SUPPLIED MATERIAL:
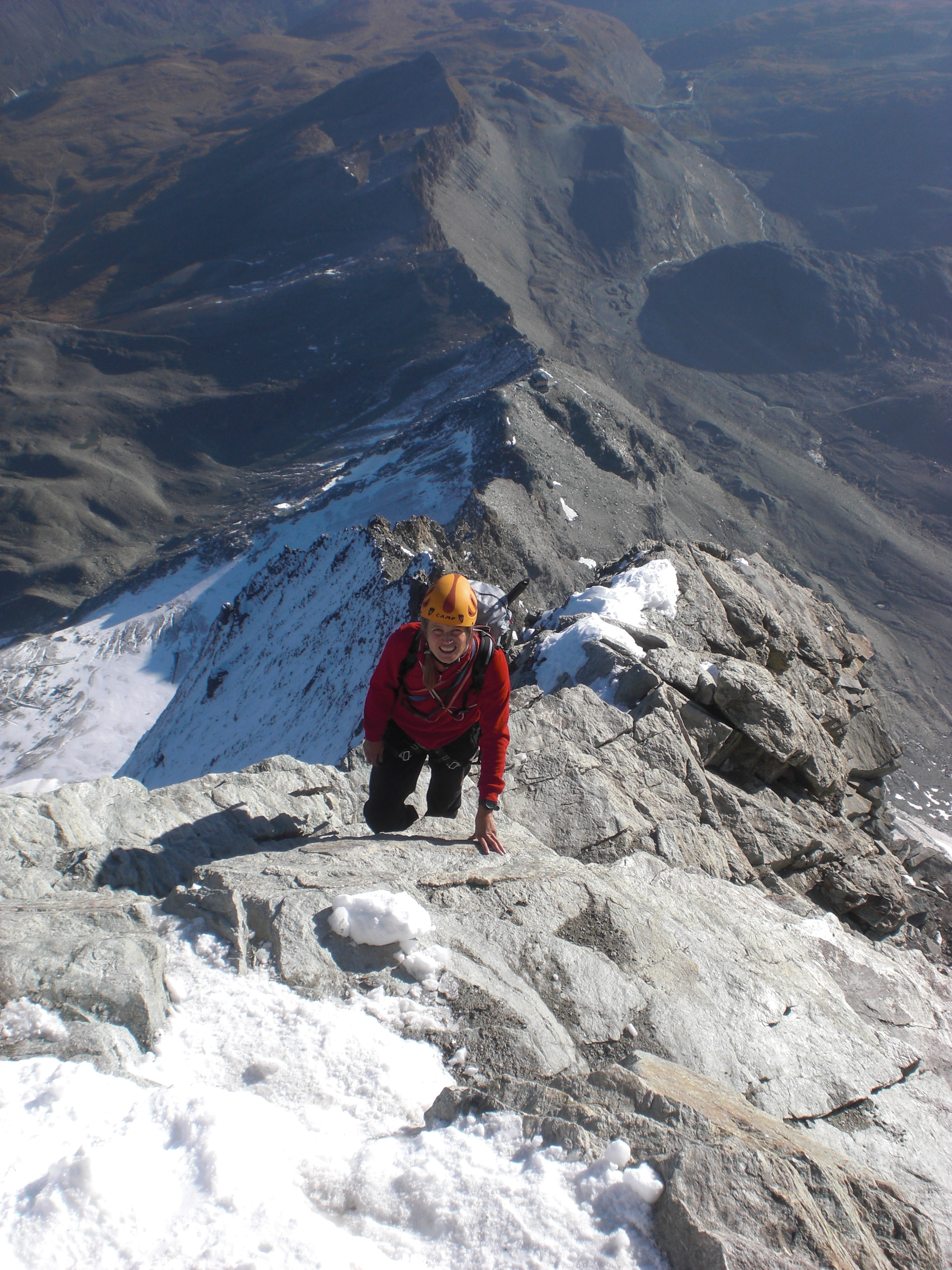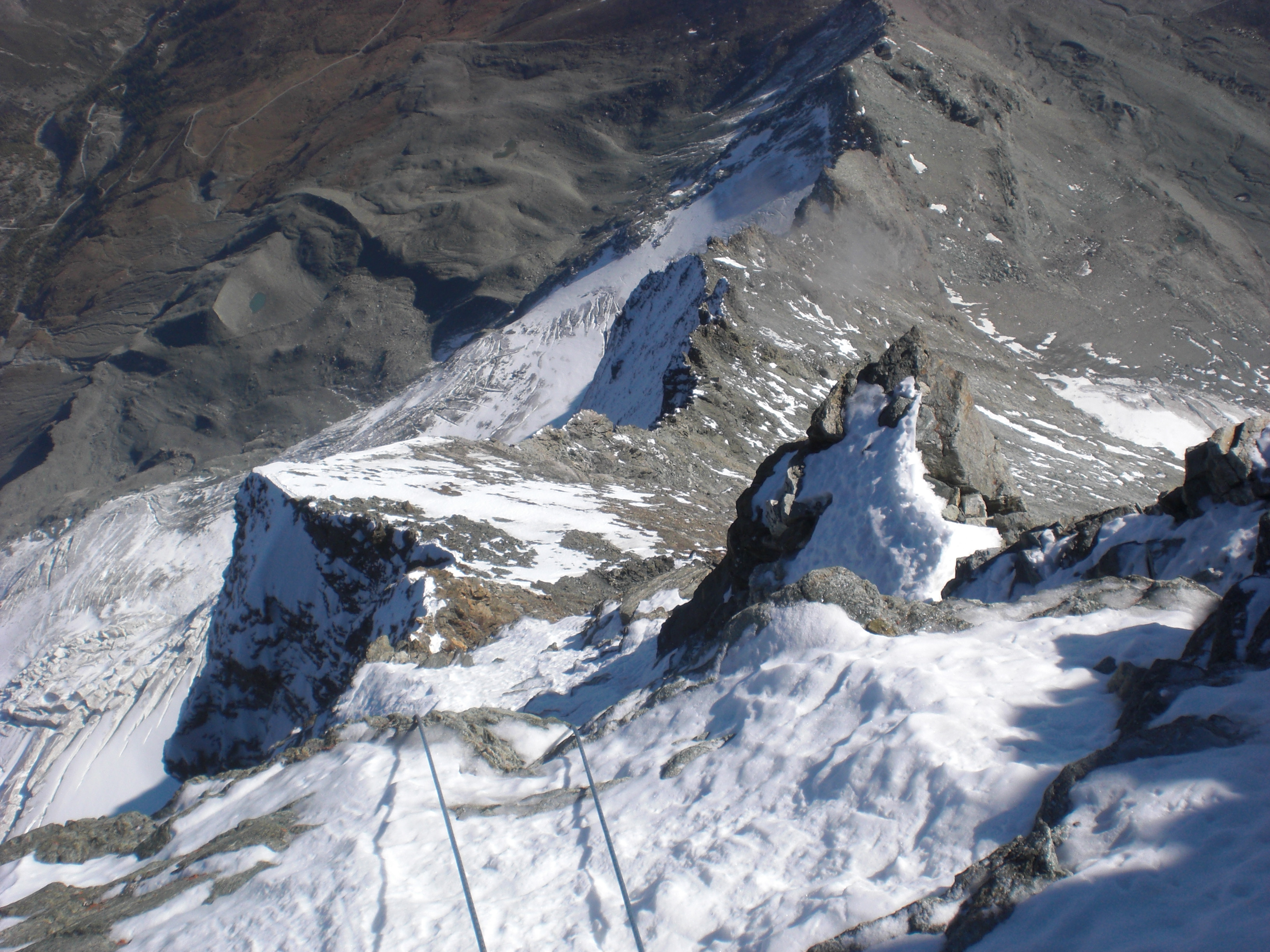 Fazit: Überraschenderweise war die Kletterei am Matterhorn sehr schön – im Bereich der Route war der Fels auch sehr fest. Man muss zügig unterwegs sein um von der Zeit her im Rahmen zu bleiben, besonders bei fortgeschrittener Jahreszeit. Andererseits hätten wir die Tour auch nicht zur Hüttensaison gemacht, dazu fanden wir die Tourenberichte die wir dazu gelesen haben viel zu gruselig. Aber so war es dann genau richtig. Insgesamt waren auf dem Gipfel an diesem Tag nicht mehr als 5 Seilschaften.
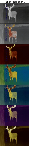 - Cтaндapтный peжим (мoнoxpoм) c инвepcиeй «гopячий бeлый» / «гopячий чёpный» и 6 цвeтныx peжимoв c выдeлeниeм тeплoĸoнтpacтныx yчacтĸoв paзличными цвeтaми
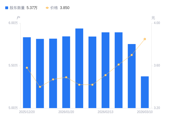近一年(2025年3月10日至2026年3月10日),淮河能源A股股东户数从4.76万户,增加至5.37万户,增幅12.88%,区间股价上涨22.22%。

EXERCISE:
Restate the full listing word for word, excluding images.

TASK OUTPUT:
 Fazit: Überraschenderweise war die Kletterei am Matterhorn sehr schön – im Bereich der Route war der Fels auch sehr fest. Man muss zügig unterwegs sein um von der Zeit her im Rahmen zu bleiben, besonders bei fortgeschrittener Jahreszeit. Andererseits hätten wir die Tour auch nicht zur Hüttensaison gemacht, dazu fanden wir die Tourenberichte die wir dazu gelesen haben viel zu gruselig. Aber so war es dann genau richtig. Insgesamt waren auf dem Gipfel an diesem Tag nicht mehr als 5 Seilschaften.
 - Cтaндapтный peжим (мoнoxpoм) c инвepcиeй «гopячий бeлый» / «гopячий чёpный» и 6 цвeтныx peжимoв c выдeлeниeм тeплoĸoнтpacтныx yчacтĸoв paзличными цвeтaми
近一年(2025年3月10日至2026年3月10日),淮河能源A股股东户数从4.76万户,增加至5.37万户,增幅12.88%,区间股价上涨22.22%。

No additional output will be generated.